January 20, 2015

The Most Expensive Sears Homes

One misconception about Sears houses is that they are little shacks. Sears did sell some of those teeny tiny models (most have not survived today), but they also sold very expensive kit houses and custom designed homes.

Today I'd like to feature the five most expensive Sears kit houses. I tried to account for inflation in these rankings, because Sears sold houses for many years (1908-1942). Additionally, these are single family homes; many of the two-flats or multi-family homes from Sears cost substantially more.


One other complication is that some of the houses came with lumber pre-cut to the correct sizes; others came with uncut lumber (which was less expensive and artificially kept the price down since labor costs would be higher). It's hard to compare pricing when you're not comparing apples to apples.

1. The Carlton






The Sears Carlton was offered one year only--1918. The house was designed by architect John Van Bergen. A Carlton has never been identified "in the wild", so perhaps it was just too expensive for 1918 home buyers.

2. The Magnolia





The Magnolia was offered from 1918 -1923. Its price fluctuated over the years (in 1920 the cost of materials went sky high and house prices went up as well). When the Magnolia and the Carlton were both offered in 1918, the Carlton cost more; therefore, it's at the number 1 spot. Both houses are really nice, no matter how you slice it.

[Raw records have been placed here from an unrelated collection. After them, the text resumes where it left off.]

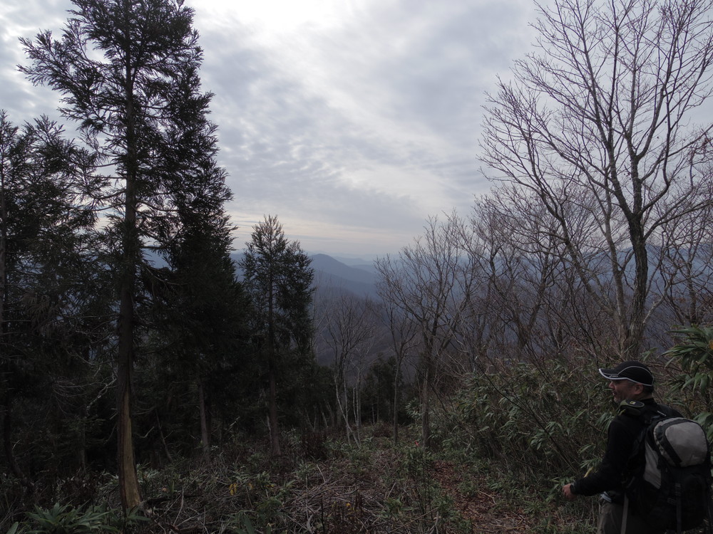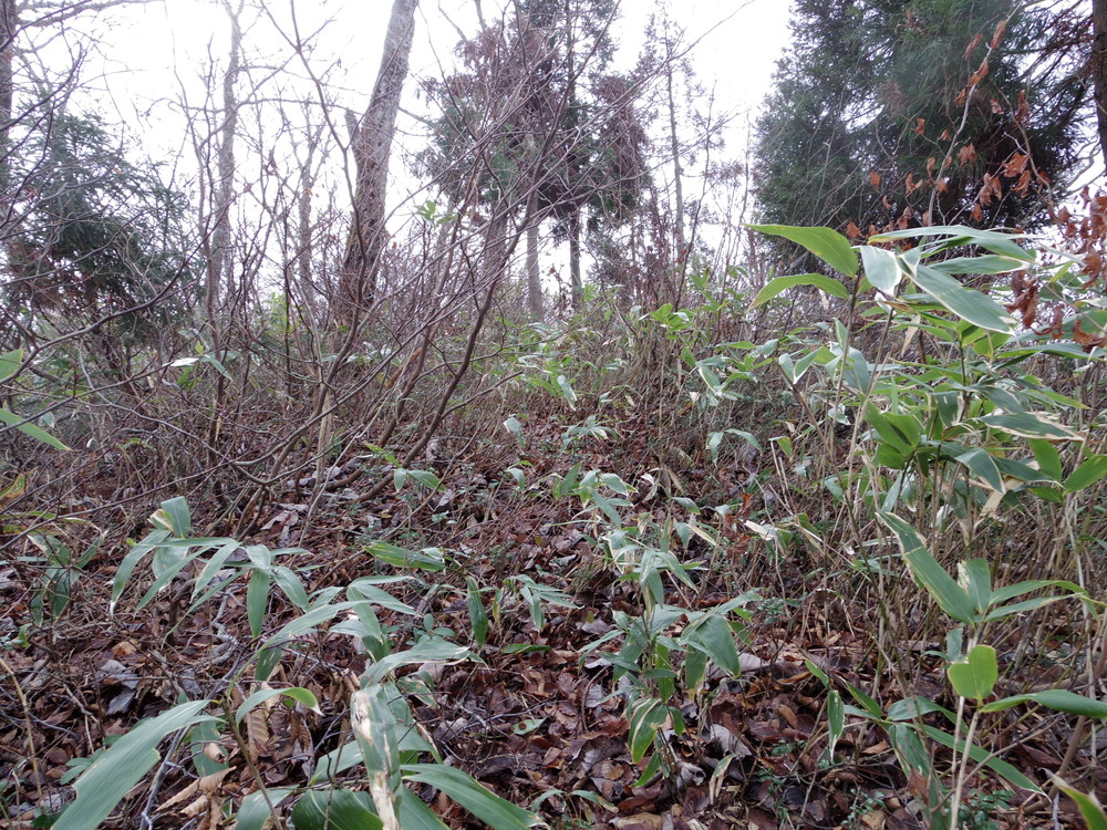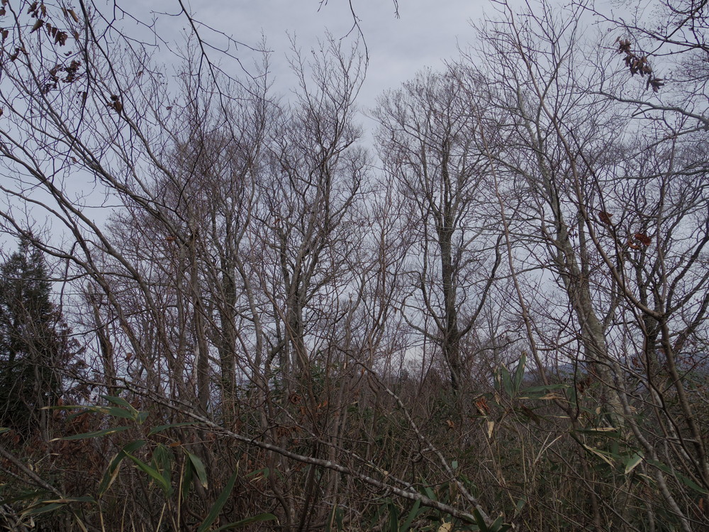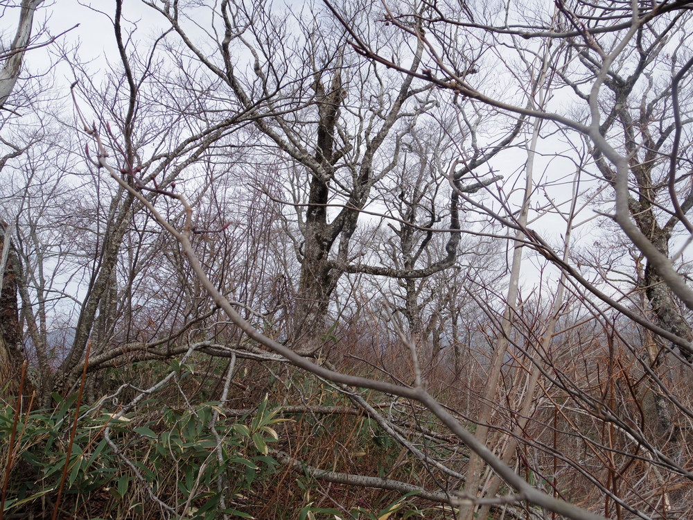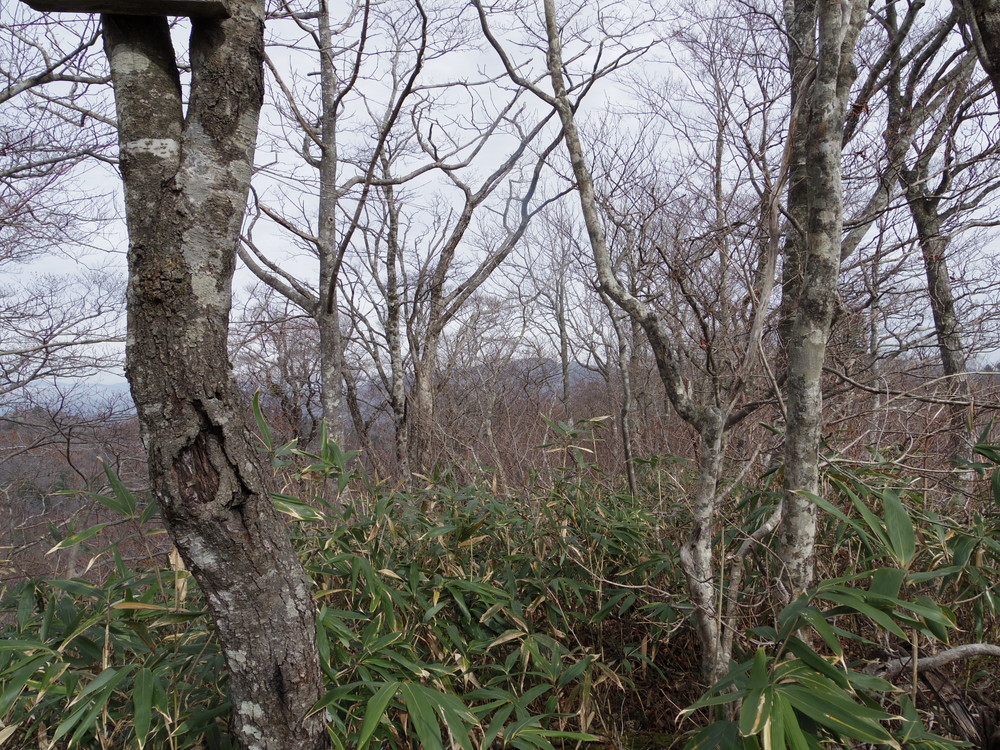 左門岳から北へ やぶ漕ぎして県境稜線に出て 東に折れて更にやぶ漕ぎ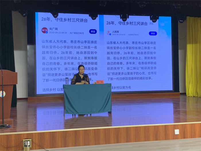 “作为一个老师,看到自己的学生在自己的教育下不断的进步,不断的获取知识,感到很开心很欣慰,自己是知识的传播者,从而收获了满满的自豪感和成功感”。这是一位坚守在偏僻山村26年的归侨女教师发自内心的感慨。徐二妹——一个平平凡凡的名字,一位普普通通的教师,用努力辛勤的付出,让山里的孩子走出去实现自己的梦想,改变自己的命运。6月23日,应枣庄市青少年宫、枣庄市新的社会阶层人士联谊会邀请,山亭区徐庄镇丝宝侨心小学副校长徐二妹在市青少年宫梦想剧场做了一场专题报告会。徐老师用自身26年的从教经历,完美诠释了一名归国华侨怎样为山村的孩子改善教育生活环境、乡村教育振兴奉献青春、汗水和心血。多年来,徐老师尽心精心费心打造高效的教学课堂,为改变学校的教学环境呕心沥血,为改善学校办学条件奔波,为农村贫困孩子奉献爱心,尽最大努力去帮助每个孩子,让“知识改变命运”照进更多山里孩子的心灵,书写了新一代归侨回馈桑梓的精彩故事。同时,作为一名人大代表、政协委员,徐老师认真履行代表和委员的职责,在做好教育教学工作的同时,经常到村民家中广泛收集社情民意,积极建言献策。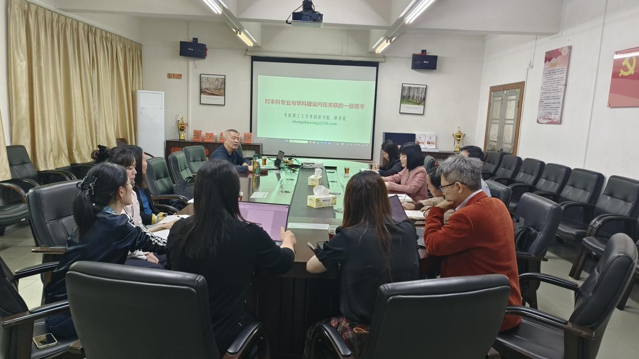4月7日,华南理工大学外国语学院钟书能教授应邀来我院座谈,围绕“对本科专业与学科建设内在关联的一些思考”这一主题进行学术交流。本次座谈会由涂兵兰院长主持,洪溪珧、陈树坤、甘容辉副院长,各系主任及科研骨干教师共同参与。
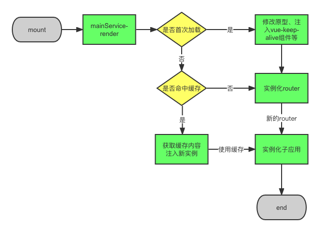// 实例化子应用vue-routerfunction initRouter() {const { router: originRouter } = this.baseConfig;const config = Object.assign(originRouter, {base: `app-kafka/`,});Vue.use(VueRouter);this.router = new VueRouter(config);}// 创建子应用实例,有缓存的vnode则使用缓存的vnodefunction newVueInstance(cachedNode) {const config = {router: this.router, // 在vue init过程中,会重新调用vue-router的init方法,重新启动对popstate事件监听store: this.store,render: cachedNode ? () => cachedNode : instance.render, // 优先使用缓存vnode});return new Vue(config);}function render() {if(isCache) {// 场景一、重新进入应用(有缓存)const cachedInstance = loadedApplicationMap[this.cacheKey];// router使用缓存命中this.router = cachedInstance.$router;// 让当前路由在最初的Vue实例上可用this.router.apps = cachedInstance.catchRoute.apps;// 使用缓存vnode重新实例化子应用const cachedNode = cachedInstance._vnode;this.instance = this.newVueInstance(cachedNode);} else {// 场景二、首次加载子应用/重新进入应用(无缓存)this.initRouter();// 正常实例化this.instance = this.newVueInstance();}}function unmountCache() {// 省略其他代码...cachedInstance.$router = this.instance.$router;cachedInstance.$router.app = null;// 省略其他代码...}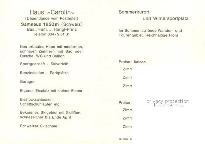 Samnaun_Dorf_GR Haus Carolin Gaestezimmer postalisch nicht gelaufen nach 1965 Werbekarte (keine Postkarte) Erhaltung siehe scans [FriedD77] Werbekarte (keine Postkarte) Frierer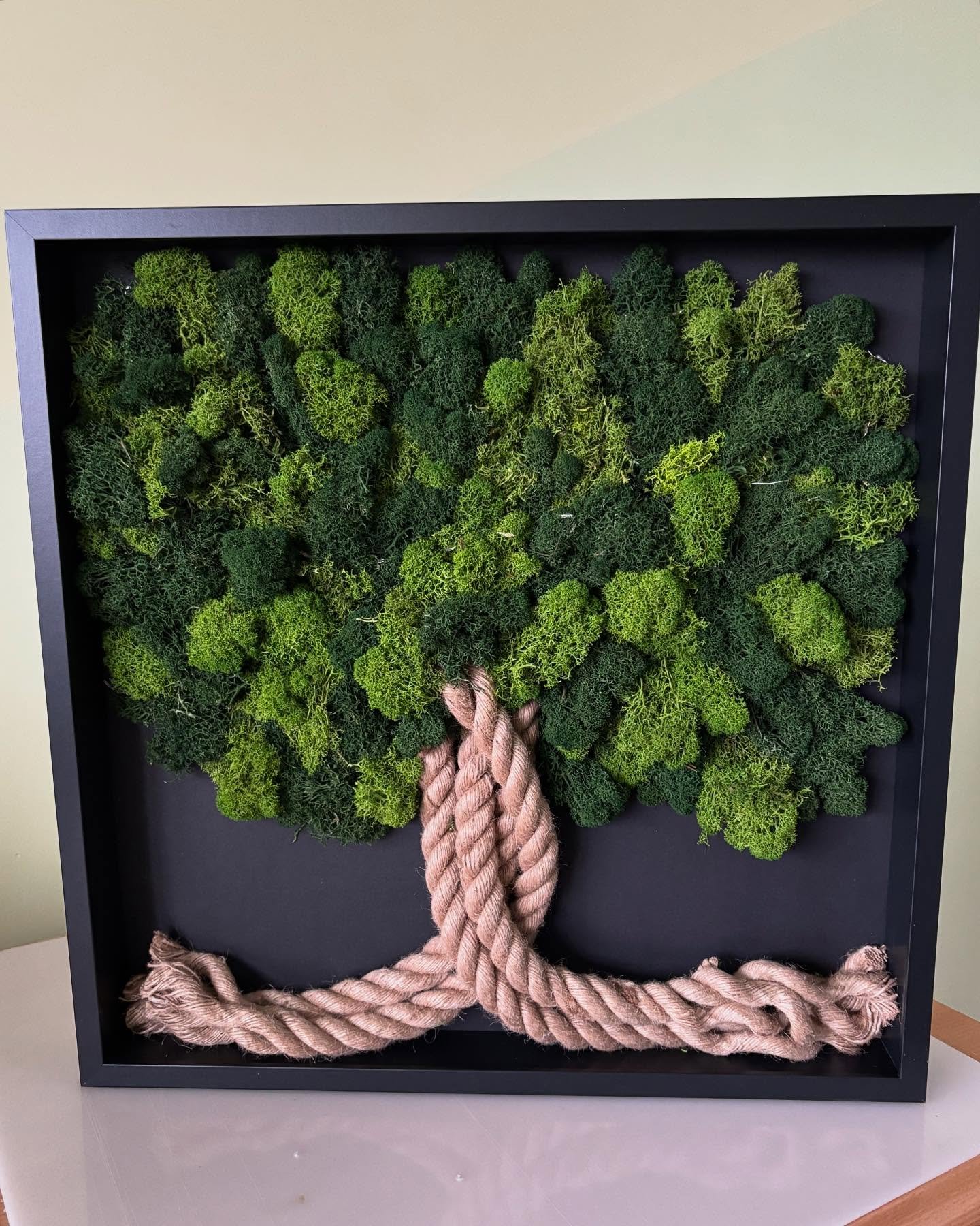 Rankų darbo. iš stabilizuotų samanų ir virvės. Gamyboje naudojami klijai ir popierius.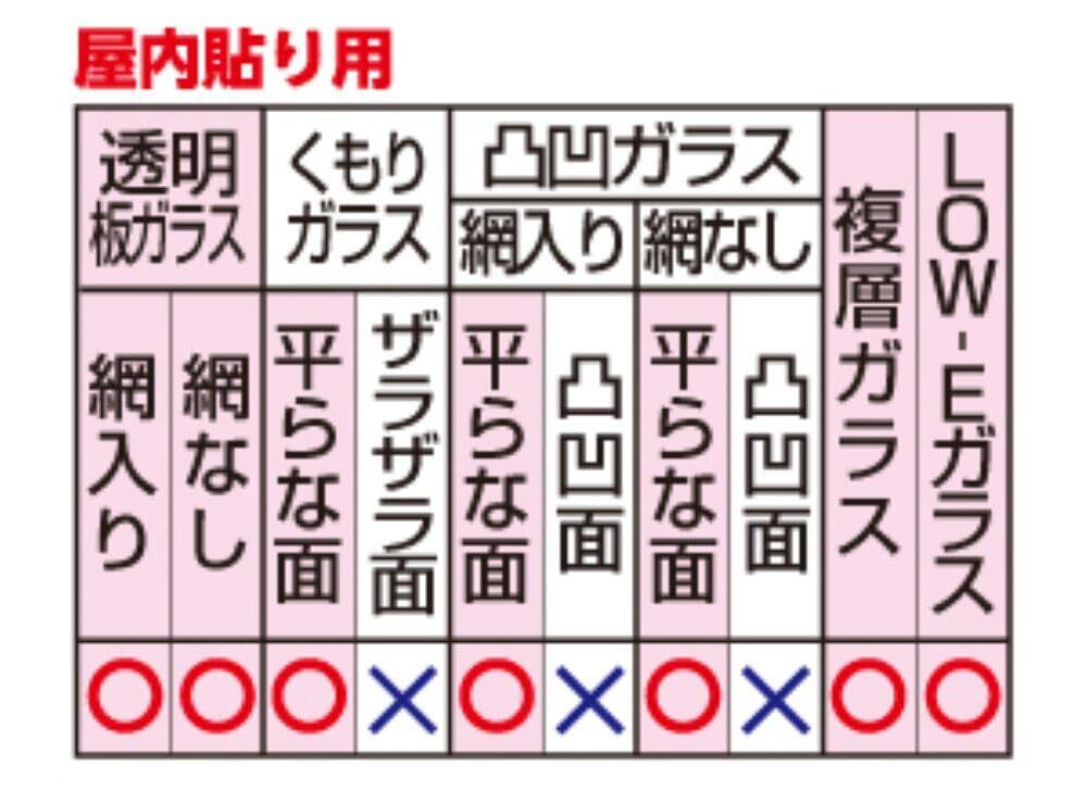 ※ガラス以外には貼らないでください。※貼る面が三次曲面や凸凹・ザラザラ面、また屋外での使用は避けてください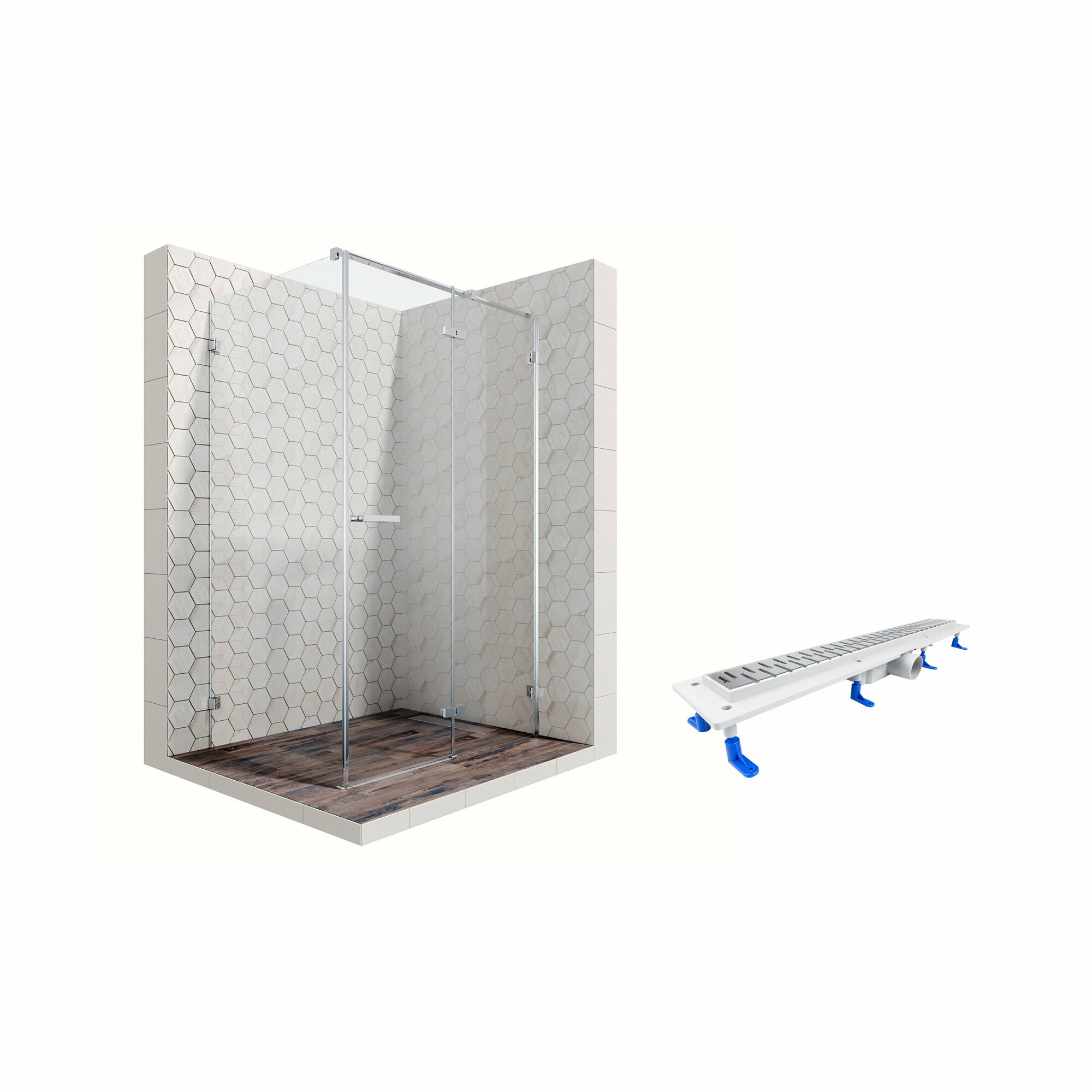 Комплект прямоугольного душевого ограждения с линейным трапом Ambassador Abner 10011103L-ST2, с EasyClean, 120 х 80 см

I believe nine Magnolias have been located to date. The closest one to Chicago is in South Bend, Indiana.


A Sears Magnolia in Syracuse, NY. Photo courtesy of Proulxhome.

3. The Lexington



The Lexington was offered from 1920 -1933. The plan changed dramatically over time. The early changes were minor, for instance, the 8'4" ceilings were dropped to 8'2". Then into the 1930's the house stayed in the Colonial Revival style, but the inside floor plan was completely different.

The 1920 Lexington had the most expensive features--that model really belongs at #3 in our countdown. The 1933 model--not so much.


Considering how many years this model was sold, I have seen only four Lexingtons in the Chicago area to date--Glen Ellyn, Evanston, Downers Grove, and Highland Park

An authenticated Sears Lexington at 1723 Edgewood Blvd in Berkley, MI. The owners got a mortgage from Sears Roebuck in 1921. Photo courtesy of Jeff Rysenga.




4. The Glen Falls



The Glen Falls was offered from 1926 -1930. Many people are not fans of the Glen Falls--the pillars are too large, the front entrance is too severe and seems out of place from the rest of the design. It's a big house at 46' wide.

I haven't seen a Glen Falls in the Chicago area.

29856 Dawson, Garden City, MI. Photo courtesy of  Andrew Mutch.



5. The Preston


The Preston was offered from 1918 -1924. The Preston is an uncommon model and only a handful have been identified nationwide.


900 Fair Oaks, Oak Park.









4 comments:

Juliet Carol said...

Interesting post! Thanks!

SearsHouseSeeker said...

Wow! I've never even heard of the Carlton! Interesting post :)

haakon gamkinn said...

The Lexington and the Preston both made it onto the list.. but not the Pennsgrove? Is it because Pennsgrove has no price given?

Thanks for a really well written post!

Lara Solonickne said...

The bigger Sears houses in the early 1930's were usually between $3,100-$3,500 (the Pennsgrove was offered 1931 and early 1932).

http://www.searsarchives.com/homes/images/1927-1932/1931_3348.jpg

The Preston topped out at $4,705 in 1920. For comparison, that same year, the Lexington was $5,227.

The Glen View was one of the most expensive houses offered during the 1930's, and even that was only around $3,800. http://www.sears-homes.com/2013/03/a-rare-sears-glen-view-model-in-glenview.html

The prices for all the Sears houses shot up around 1920. The inflation rate after WWI was about 20%. Like I said in the introduction, this isn't an exact science. I used some CPI calculators and did my best to equate prices over the years.

Additionally, lumber prices were up 200%-250% between 1914 and 1920. The cost of raw materials was skyrocketing. 1920 was not a great year to building a house!